DATA FOR REVIEW =
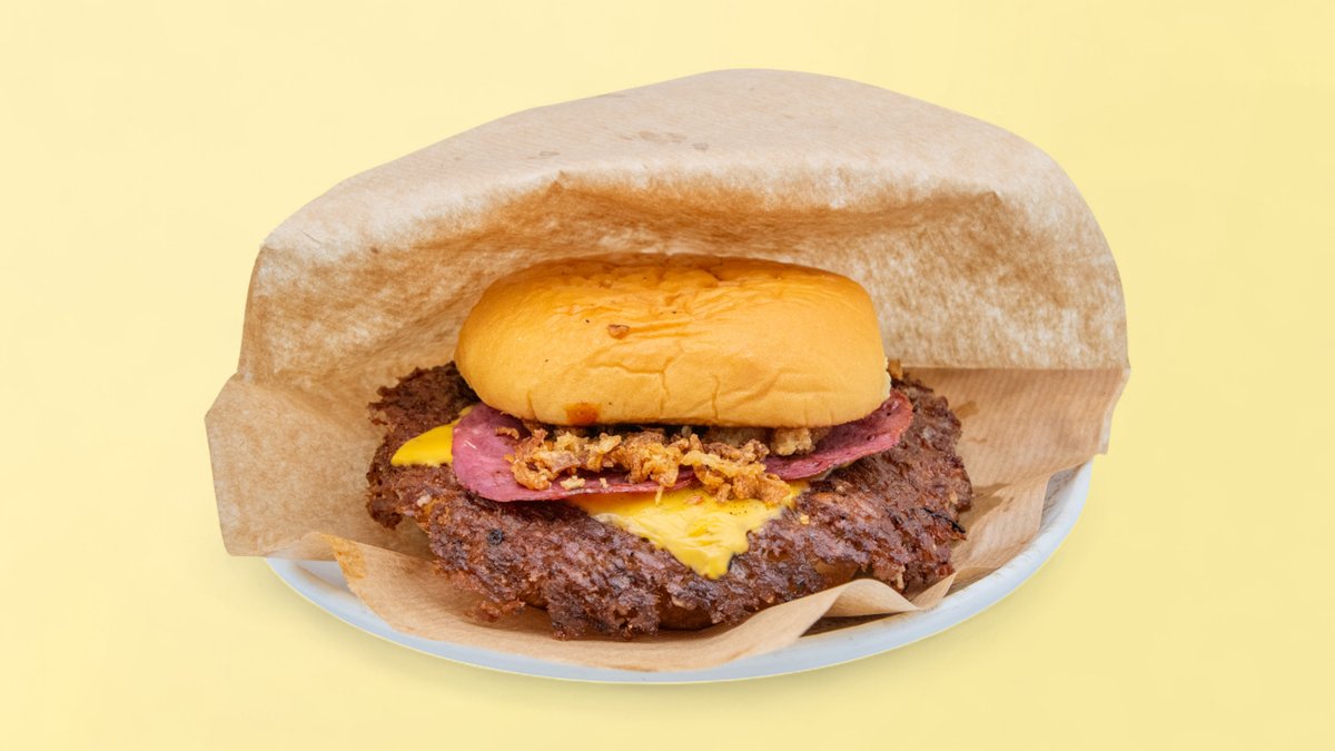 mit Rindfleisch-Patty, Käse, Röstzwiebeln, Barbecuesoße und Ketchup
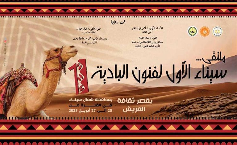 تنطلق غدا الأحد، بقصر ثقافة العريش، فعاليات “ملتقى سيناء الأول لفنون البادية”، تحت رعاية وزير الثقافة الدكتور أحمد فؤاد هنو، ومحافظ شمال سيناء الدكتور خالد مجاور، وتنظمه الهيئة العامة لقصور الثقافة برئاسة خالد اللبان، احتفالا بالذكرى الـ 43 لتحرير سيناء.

==

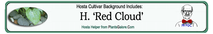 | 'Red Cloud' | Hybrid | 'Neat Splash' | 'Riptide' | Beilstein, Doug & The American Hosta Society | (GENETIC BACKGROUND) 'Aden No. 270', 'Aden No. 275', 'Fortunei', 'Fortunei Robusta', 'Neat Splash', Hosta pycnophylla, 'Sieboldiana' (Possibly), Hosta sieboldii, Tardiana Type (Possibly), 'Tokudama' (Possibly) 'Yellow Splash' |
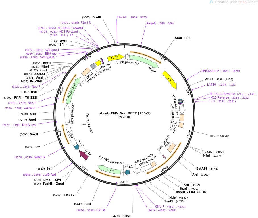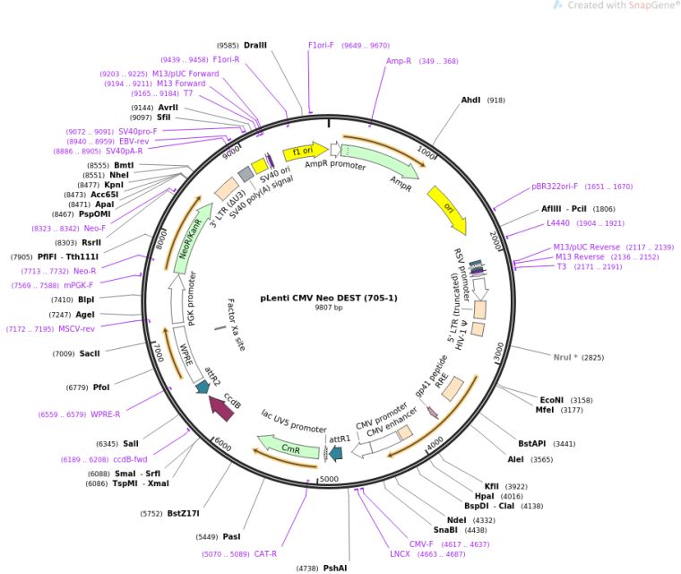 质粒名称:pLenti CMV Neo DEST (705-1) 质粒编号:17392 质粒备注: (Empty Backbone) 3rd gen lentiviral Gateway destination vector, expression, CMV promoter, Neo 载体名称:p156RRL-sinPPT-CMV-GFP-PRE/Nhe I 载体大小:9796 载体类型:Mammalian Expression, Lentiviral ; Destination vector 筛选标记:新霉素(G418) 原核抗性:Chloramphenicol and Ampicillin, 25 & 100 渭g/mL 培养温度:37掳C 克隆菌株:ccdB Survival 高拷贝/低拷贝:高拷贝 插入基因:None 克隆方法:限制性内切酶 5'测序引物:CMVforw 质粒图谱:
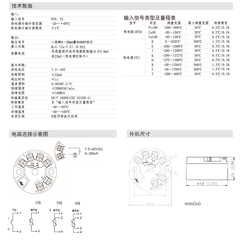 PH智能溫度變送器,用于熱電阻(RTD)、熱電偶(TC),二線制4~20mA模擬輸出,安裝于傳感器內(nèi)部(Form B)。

GOAL OF THE EXERCISE =
Give exactly the lines above that run from the line with "mit Rindfleisch-Patty, Käse, Röstzwiebeln, Barbecuesoße" to the line with "تنطلق غدا الأحد،", both included, leaving every picture out.

ANSWER BOX =
 mit Rindfleisch-Patty, Käse, Röstzwiebeln, Barbecuesoße und Ketchup
 تنطلق غدا الأحد، بقصر ثقافة العريش، فعاليات “ملتقى سيناء الأول لفنون البادية”، تحت رعاية وزير الثقافة الدكتور أحمد فؤاد هنو، ومحافظ شمال سيناء الدكتور خالد مجاور، وتنظمه الهيئة العامة لقصور الثقافة برئاسة خالد اللبان، احتفالا بالذكرى الـ 43 لتحرير سيناء.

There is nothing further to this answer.